Совсем другое мы видим в древней рублевской фреске в Успенском соборе во Владимире. Там необычайно сосредоточенная сила надежды передается исключительно движением глаз, устремленных вперед. Крестообразно сложенные руки праведных совершенно неподвижны, так же как и ноги, и туловище. Их шествие в рай выражается исключительно их глазами, в которых не чувствуется истерического восторга, а есть глубокое внутреннее горение и спокойная уверенность в достижении цели; но именно этой–то кажущейся физической неподвижностью и передается необычайное напряжение и мощь неуклонно совершающегося духовного подъема: чем неподвижнее тело, тем сильнее и яснее воспринимается тут движение духа, ибо мир телесный становится его прозрачной оболочкой. И именно в том, что духовная жизнь передается одними глазами совершенно неподвижного облика, — символически выражается необычайная сила и власть духа над телом. Получается впечатление, точно вся телесная жизнь замерла в ожидании высшего откровения, к которому она прислушивается. И иначе его услышать нельзя: нужно, чтобы сначала прозвучал призыв «да молчит всякая плоть человеческая». И только когда этот призыв доходит до нашего слуха, — человеческий облик одухотворяется: у него отверзаются очи Они не только открыты для другого мира, но отверзают его другим: именно это сочетание совершенной неподвижности тела и духовного смысла очей, часто повторяющееся в высших созданиях нашей иконописи, производит потрясающее впечатление.

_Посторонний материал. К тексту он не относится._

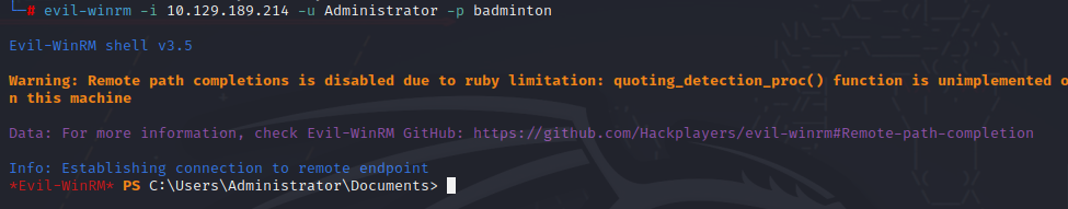 1 | smbclient \\\\10.129.172.139\\C$ -U Administrator |

Ошибочно было бы думать, однако, что неподвижность в древних иконах составляет свойство всего человеческого: в нашей иконописи она усвоена не человеческому облику вообще, а только определенным его состояниям; он неподвижен, когда он преисполняется сверхчеловеческим, Божественным содержанием, когда он так или иначе вводится в неподвижный покой Божественной жизни. Наоборот, человек в состоянии безблагодатном или же доблагодатном, человек еще не «успокоившийся» в Боге или просто не достигший цели своего жизненного пути, часто изображается в иконах чрезвычайно подвижным. Особенно типичны в этом отношении многие древние новгородские изображения Преображения Господня. Там неподвижны Спаситель, Моисей и Илия — наоборот, поверженные ниц апостолы, предоставленные собственному чисто человеческому аффекту ужаса перед небесным громом, поражают смелостью своих телодвижений; на многих иконах они изображаются лежащими буквально вниз головой. На замечательной иконе «Видение Иоанна Лествичника» […] можно наблюдать движение, выраженное еще более резко: это — стремительное падение вверх ногами грешников, сорвавшихся с лестницы, ведущей в рай. Неподвижность в иконах усвоена лишь тем изображениям, где не только плоть, но и само естество человеческое приведено к молчанию, где оно живет уже не собственною, а надчеловеческою жизнью.

(Трубецкой 1994,231–232).

Нетрудно заметить, что неподвижность (особенно принимая во внимание напряженность, смысловую, символическую и образную, пары — неподвижное тело: подвижные глаза) наряду с без– молвием, без–временностью (вечностью как особой формой а–хронии, когда время и иррелевантно и неописуемо) и т. п. принадлежит к кругу апофатических понятий (ср. выше в связи с молчанием Сергия трактовку этого подвига как следующей, так сказать, абсолютной стадии «невыразимости», не нуждающейся даже в объявлении об этом, как это присуще апофазе). Разумеется, молчание есть молчание. Но вместе с тем есть полчание и молчание. И «молчание» рублевской «Троицы» и трех фигур, явленных в ней предстоящим иконе, как и «молчание» Сергия, есть то молчание, которое достигло своего предела и говорит если не громче, не подробнее, не аналитичнее, чем слово, то во всяком случае весомее, целостнее и глубже любого слова. Поэтому можно догадываться, что и молчание «Троицы» тоже отсылает к молчанию Сергия — и как той аскетической практике, к которой он не раз прибегал, и как некоему общему принципу, идее. С Богом Сергий «говорил» молчанием, его энергиями, его глубиной.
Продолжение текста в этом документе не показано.